**Task description**: Your copy should start at the line with "Pensando nisso, o" and end at the line with "Galerie est. Un" in the data below. Transcribe only those lines, exactly, pictures excluded.

Records to process: Begin

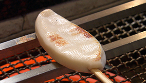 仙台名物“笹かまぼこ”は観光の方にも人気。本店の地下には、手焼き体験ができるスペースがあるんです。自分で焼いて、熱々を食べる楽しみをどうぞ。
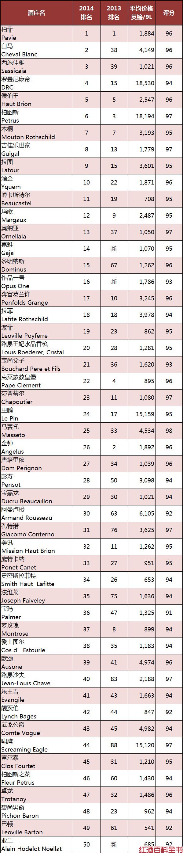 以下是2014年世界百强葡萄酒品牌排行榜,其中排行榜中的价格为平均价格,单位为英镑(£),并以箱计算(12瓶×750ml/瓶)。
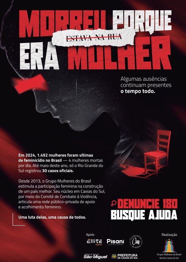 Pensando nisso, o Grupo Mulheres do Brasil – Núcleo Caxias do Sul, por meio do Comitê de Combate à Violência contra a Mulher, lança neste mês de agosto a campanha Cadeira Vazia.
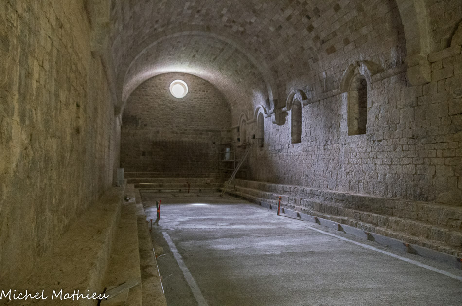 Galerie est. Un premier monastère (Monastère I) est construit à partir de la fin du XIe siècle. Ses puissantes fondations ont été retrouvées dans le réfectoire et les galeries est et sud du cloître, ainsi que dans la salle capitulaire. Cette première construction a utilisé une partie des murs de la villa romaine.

Records to process: End
Records to process: Begin

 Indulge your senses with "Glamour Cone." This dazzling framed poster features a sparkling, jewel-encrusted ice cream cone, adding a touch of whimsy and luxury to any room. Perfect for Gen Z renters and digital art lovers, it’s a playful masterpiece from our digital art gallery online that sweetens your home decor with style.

Records to process: End

**Completed exercise**:
 Pensando nisso, o Grupo Mulheres do Brasil – Núcleo Caxias do Sul, por meio do Comitê de Combate à Violência contra a Mulher, lança neste mês de agosto a campanha Cadeira Vazia.
 Galerie est. Un premier monastère (Monastère I) est construit à partir de la fin du XIe siècle. Ses puissantes fondations ont été retrouvées dans le réfectoire et les galeries est et sud du cloître, ainsi que dans la salle capitulaire. Cette première construction a utilisé une partie des murs de la villa romaine.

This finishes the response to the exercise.